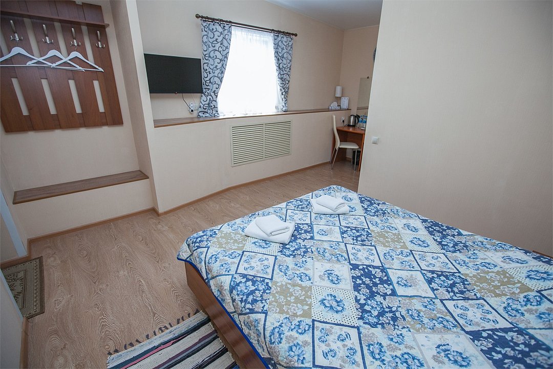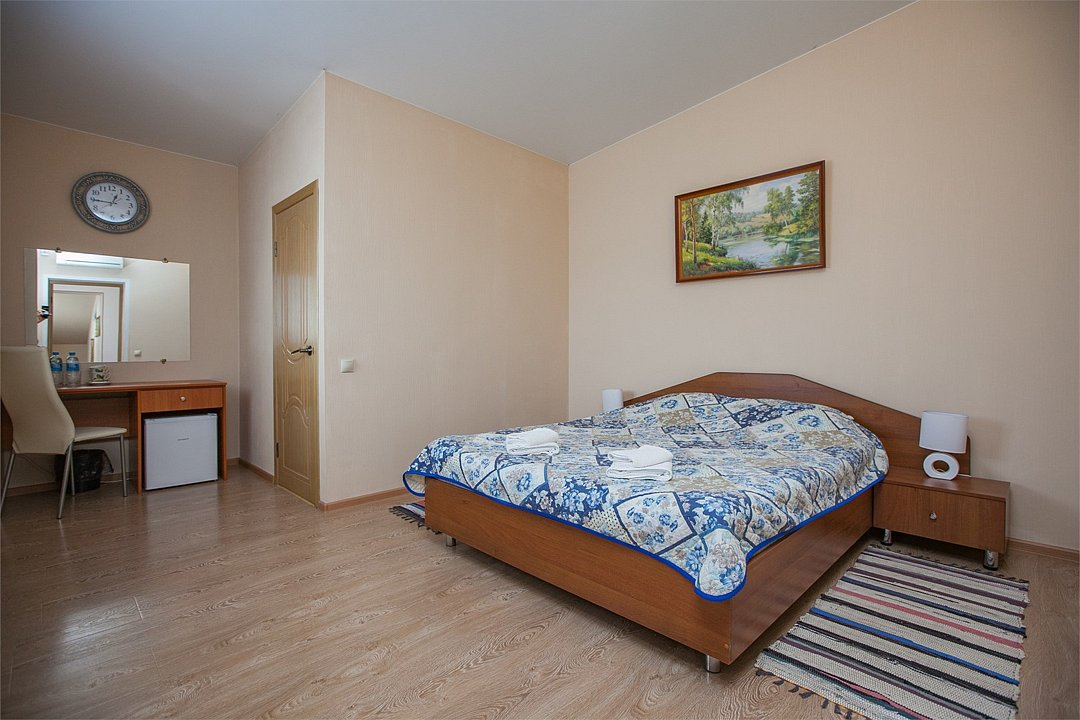 Стандартный номер просторных размеров, выполнен в классическом стиле с большой кроватью и видом во двор.Услуги и удобства
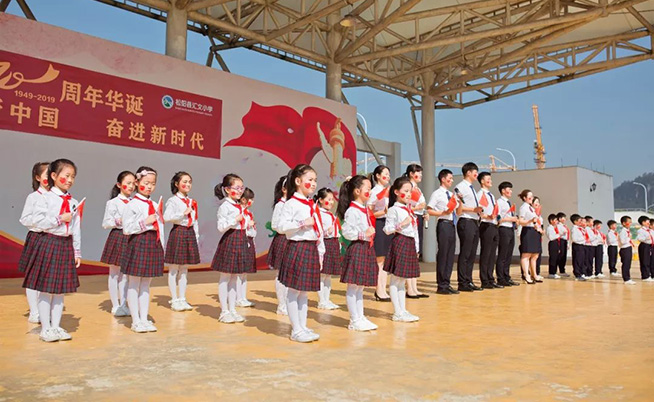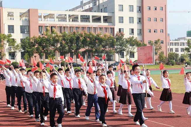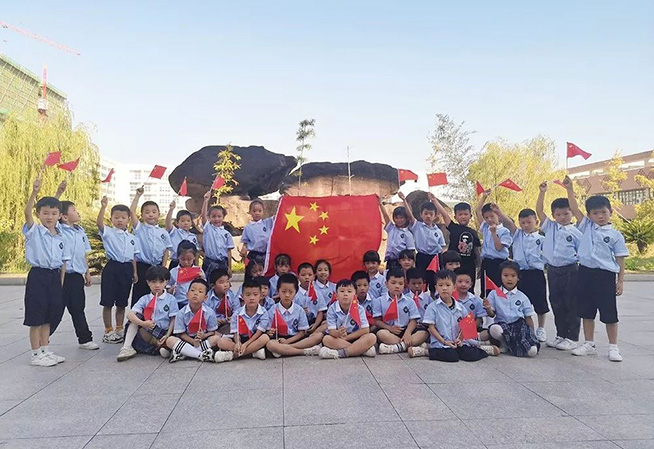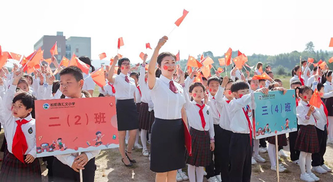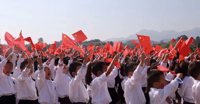 五星红旗迎风飘扬,胜利歌声多么响亮,歌唱我们亲爱的祖国,从今走向繁荣富强……"全体师生手挥国旗,齐声歌唱,气势高昂的歌声响彻整个校园!
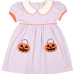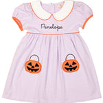 Let your little one shine this Halloween in the Jack O' Lantern Applique Pocket Dress! This charming striped dress features adorable Jack O’ Lantern appliqué pockets, puff sleeves, and contrast piping for a festive yet classic look. Perfect for pumpkin patch visits, trick-or-treating, or fall family photos!
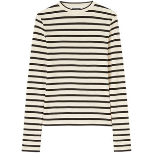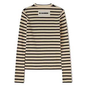 stripe-print cotton T-shirt from JIL SANDER featuring off-white, black, cotton, fine ribbed, horizontal stripe pattern, crew neck, long sleeves, logo patch to the rear and straight hem. Striped cotton t-shirt Size and Fit - This piece fits true to size. We recommend you get your regular size. Model is 1,75m / 5ft 8in wearing size S
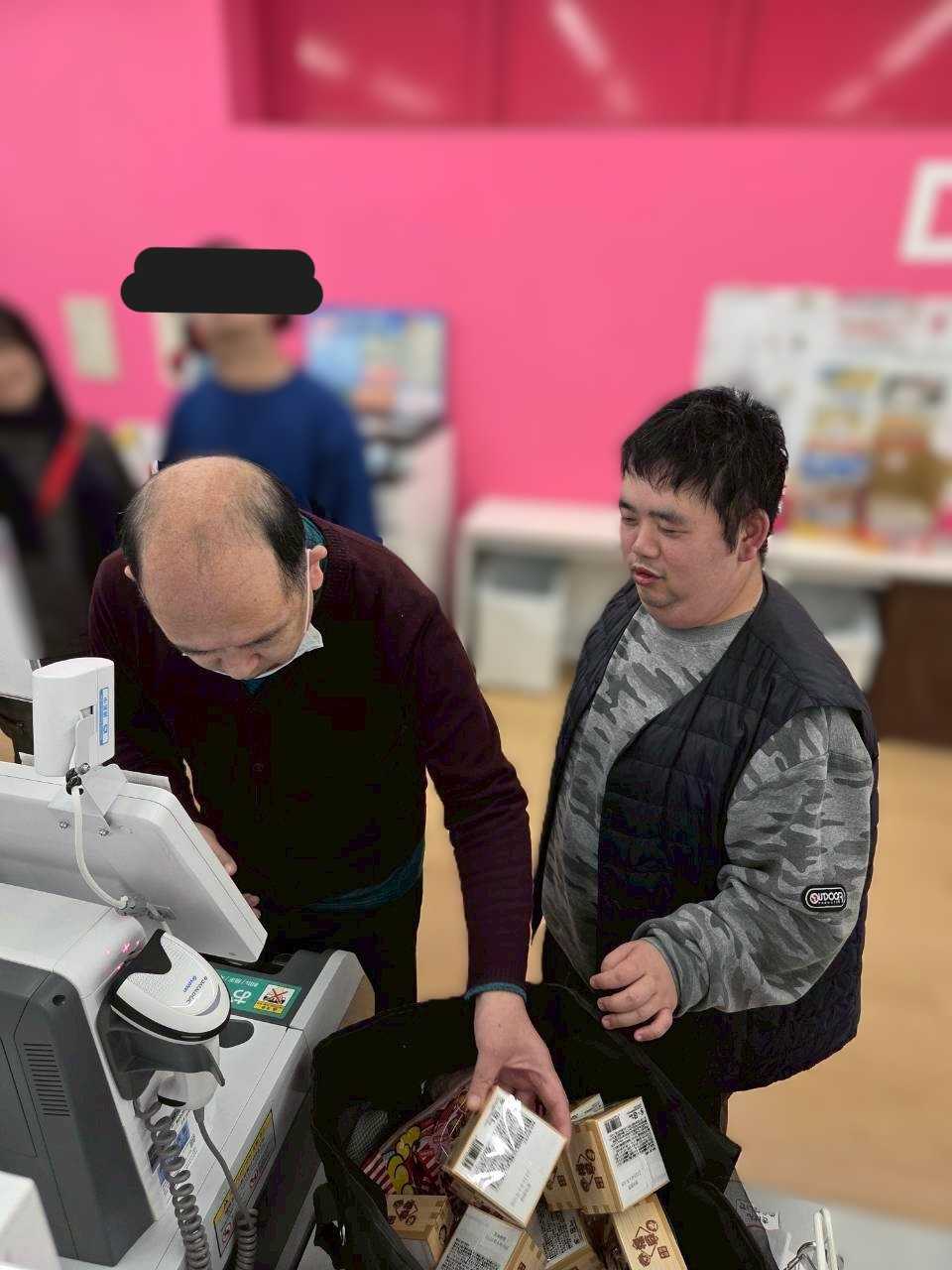 おつかい班は豆まき行事の為の買い物に出かけました。
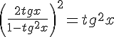 Pour l'autre équation, j'ai oublié d'élever le tg 2x au carré.
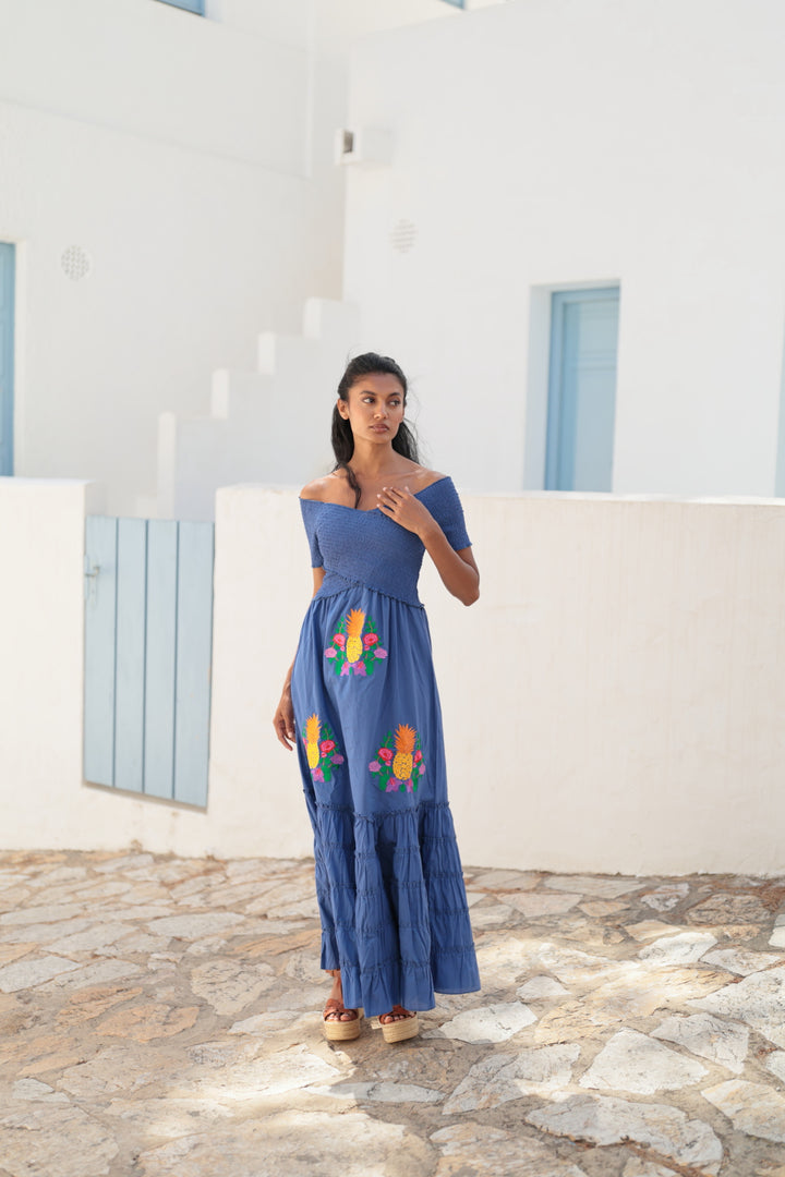 Dress in an elegant blue. The perfect combination of freshness and style. It stands out for the contrasting embroidery, which gives it a boho and original touch. The top features a crossed silhouette with ruching that enhances the figure with a flattering fit, while the short ruched sleeves add a delicate and feminine touch. The long, flowing skirt with ruffles offers movement and comfort. The handmade embroidery stands out on the skirt.
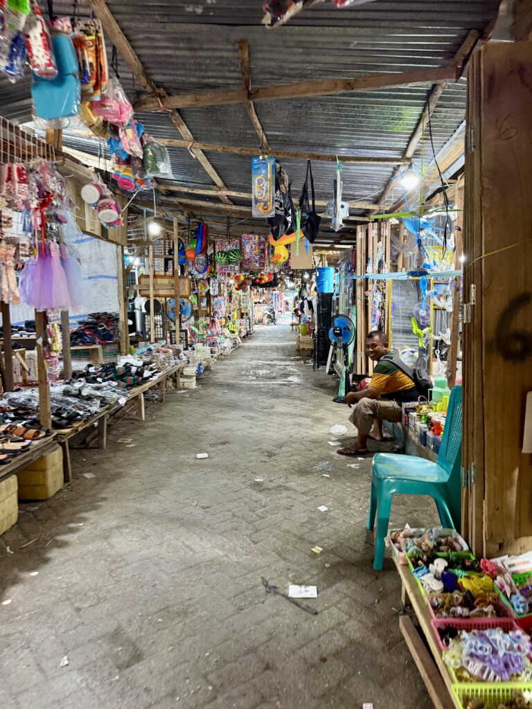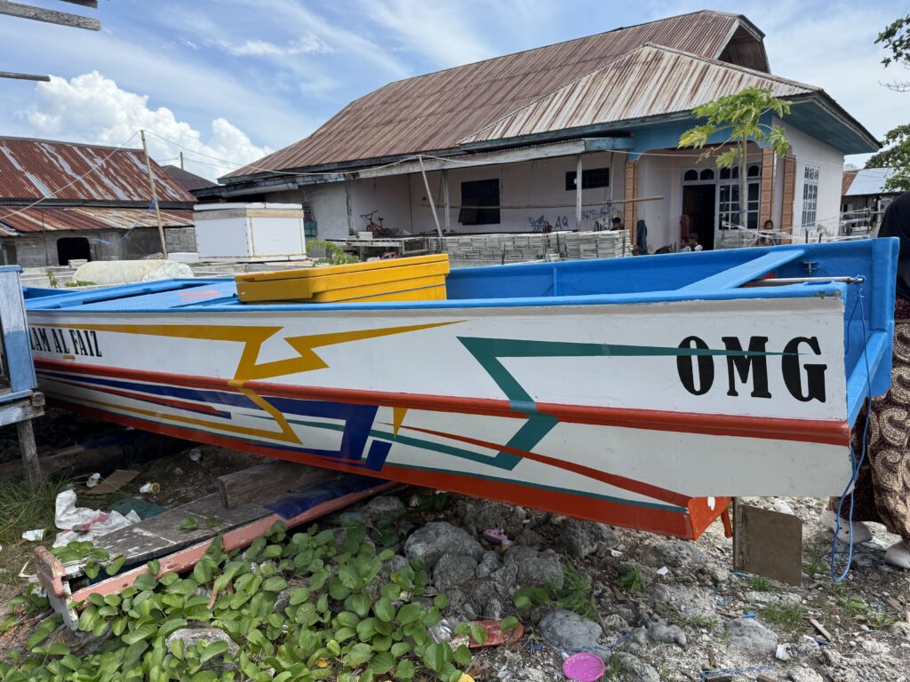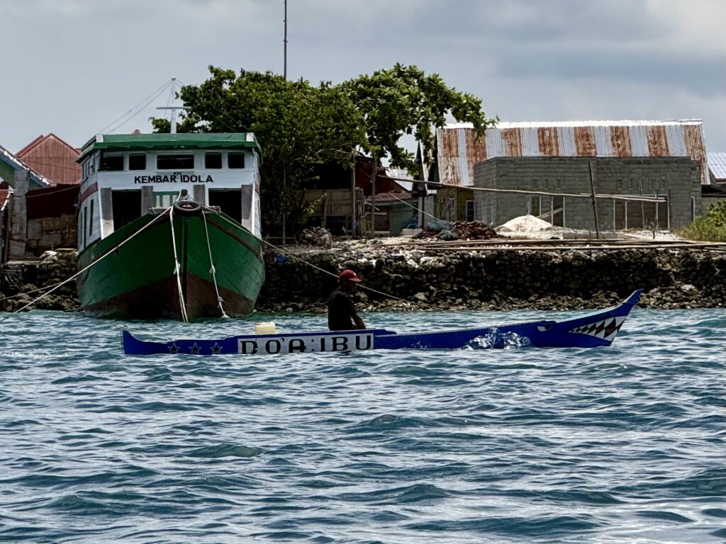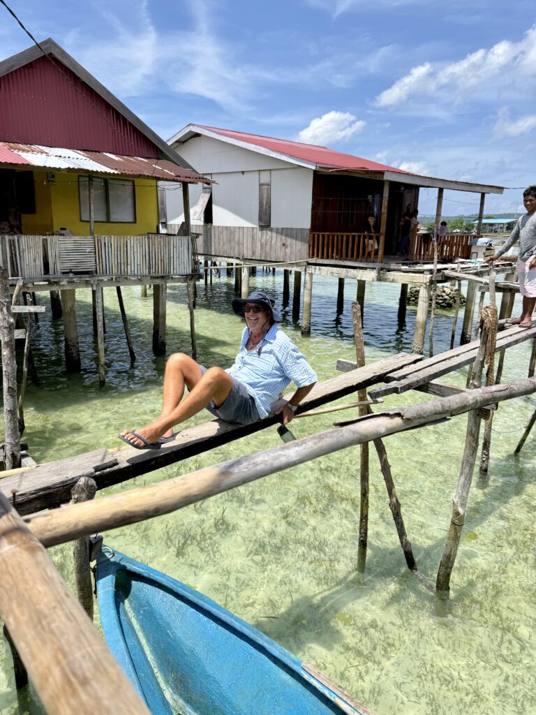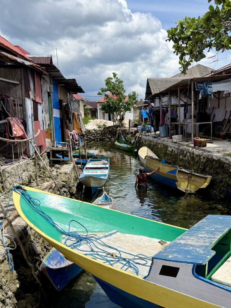 We returned to PolePole for a quick shower then he took us to the Bajo village on stilts over the water, where he lives. They are the Bajo tribe and always live over water and not on land, they have quite a few towns scattered around Sulawesi. Extraordinary that they all choose to live precariously on top of each other. We had arranged a tour with a lady called Ayu who was recommended to us, she met us at some rickety steps we had to get up to from Mr Albar’s boat to join her. She spoke excellent English and told us there were 10 thousand residents. They live in 5 neighbourhoods each with their own Mosque. Some walkways have been built up with coral and rubble which the scooters buzz up and down on, other walkways are very precarious planks of wood balancing on thin poles between the houses. Amazingly they seem to have their own rules here and kids can ride scooters, outside they have to be over 18 years old. Rowan led the way down one particularly rickety route and got such a wobble going on the thin poles the locals in the houses were shrieking with laughter and some worry, I think. He finally had to sit down and bum waddle his way back. Ayu says they love their community and nobody from the Bajo people would ever live on land. She took us to their market, which mainly had fish of every sort, one lady had loads of little puffer fish which was rather sad, plus we thought they were poisonous. The general produce market was a rambling street under cover with water all around. Some areas were full of trash and others were better kept. We went to a hall where we met her mum and sisters who were with a lot of ladies preparing party food. We were given some green crepes filled with sweet coconut, looked synthetic but tasted delicious. In two days time there is a big circumcision party for the 9 year old boys! She said the Bajo people love their music, and love to sing and dance, it would be a big celebration with the kids in traditional dress.. She invited us to join them, but sadly we have planned to move on tomorrow, time is running out as we need to be in the southern island Flores by mid Feb, two weeks time, and it is a good 4 days sailing away, we still have loads to see here in Wakatobi plus we need to go to the mainland to get more fuel. We had a wonderful couple of hours wandering around with Ayu, saw some boat builders, working on their wooden boats, all very interesting. Our guest loo is not working and Rowan has managed to get the motor off and found that it is seized, Mr Albar had taken it to some mechanic to see if it could be fixed. We went to the mechanic who turned out to be a stereo boombox fixer…….it had defeated him! We had loads of kids following us around, they kept saying this word, which finally when we asked Ayu what they were saying it was ‘tourists’! Very funny, everyone was so friendly and engaging, I don’t think they get many tourists passing through. After a very sweaty time Mr Albar took us back in his boat to PolePole.
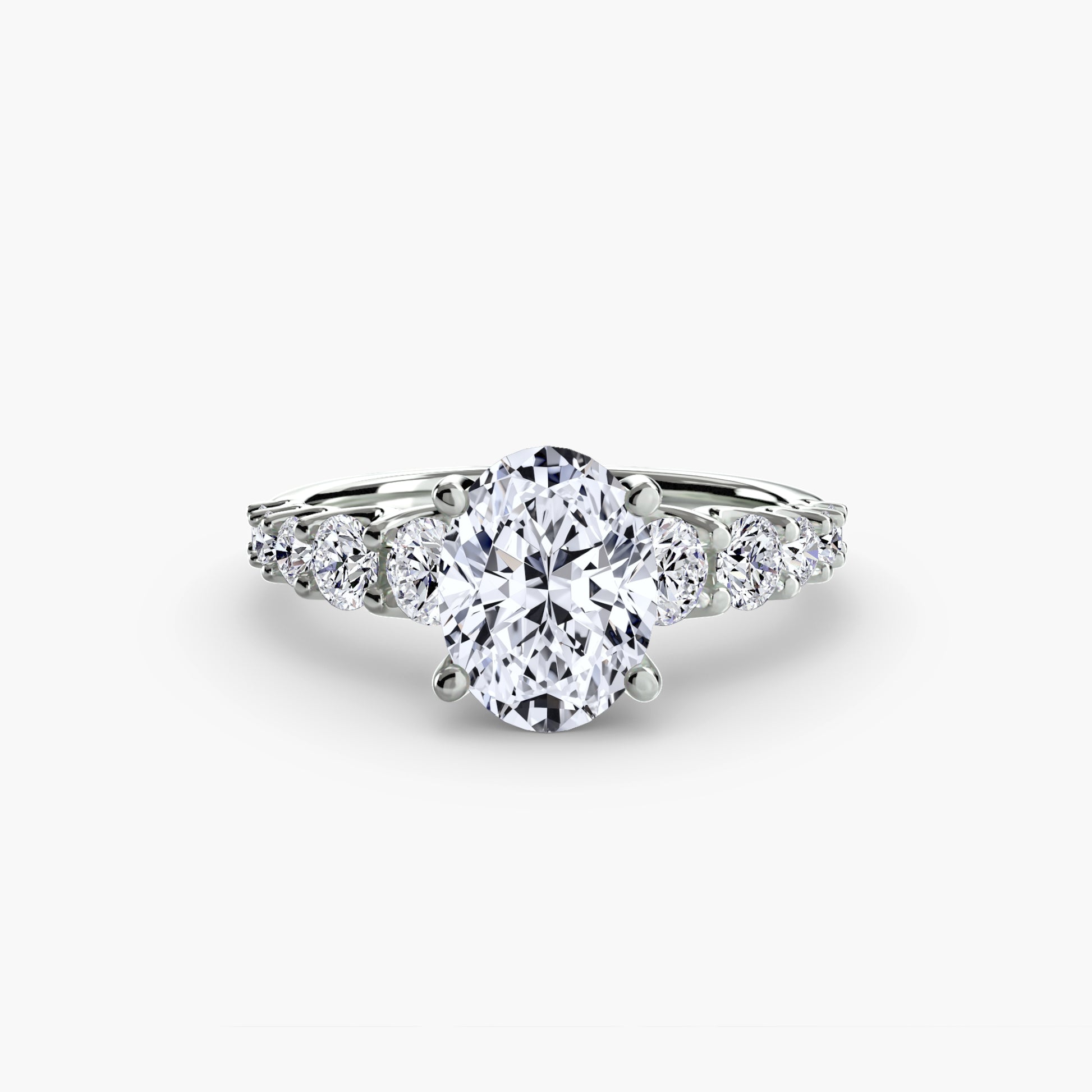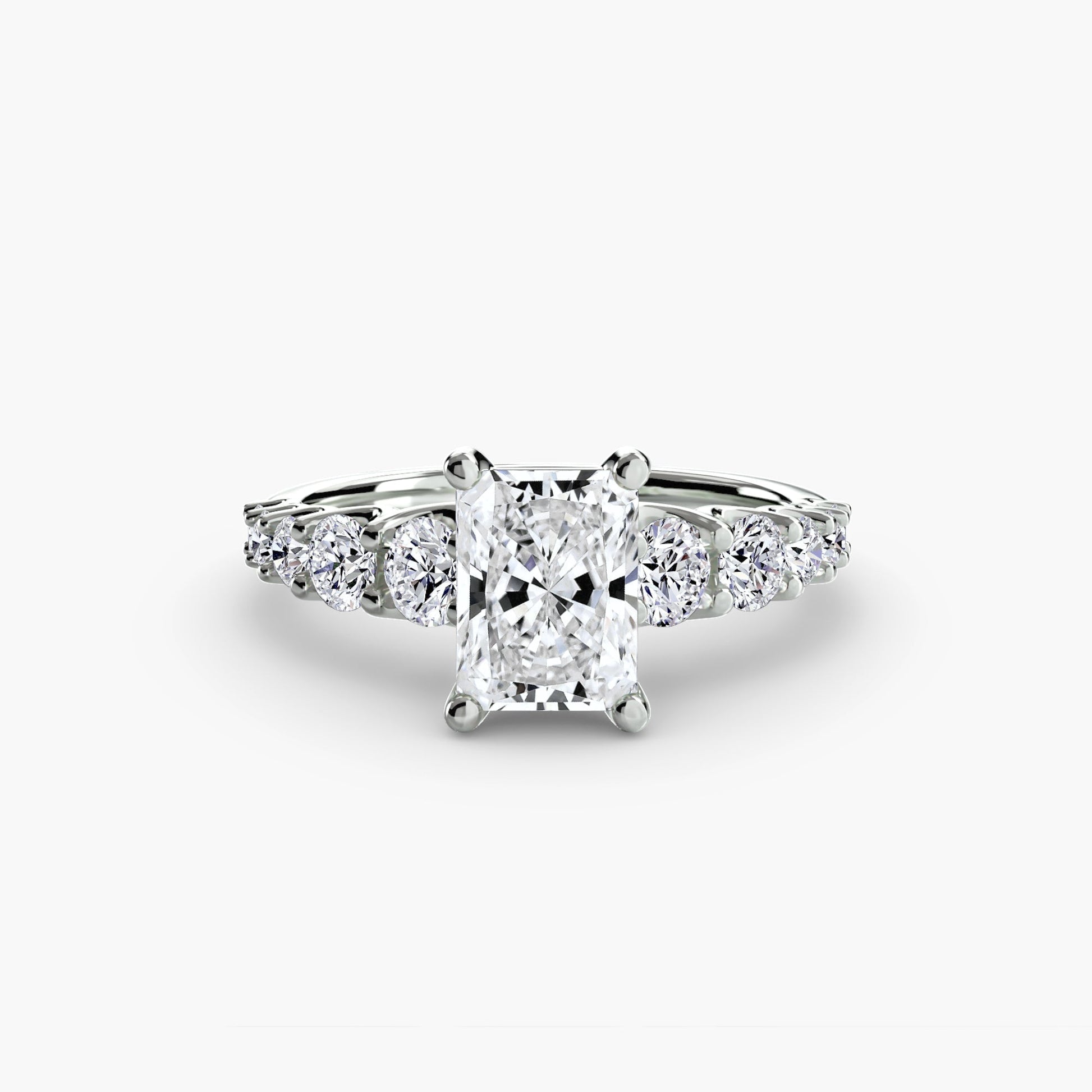 Designed with side stones that gracefully complement the center stone, this ring strikes a balance between classic elegance and added brilliance. Perfect for those who want a refined look with just the right amount of sparkle.

» TRY IT: From the records above, copy exactly the stretch from the line holding "Pour l'autre équation, j'ai" through the line holding "Dress in an", both ends included, without the pictures.

» OUTPUT OF THE TASK:
 Pour l'autre équation, j'ai oublié d'élever le tg 2x au carré.
 Dress in an elegant blue. The perfect combination of freshness and style. It stands out for the contrasting embroidery, which gives it a boho and original touch. The top features a crossed silhouette with ruching that enhances the figure with a flattering fit, while the short ruched sleeves add a delicate and feminine touch. The long, flowing skirt with ruffles offers movement and comfort. The handmade embroidery stands out on the skirt.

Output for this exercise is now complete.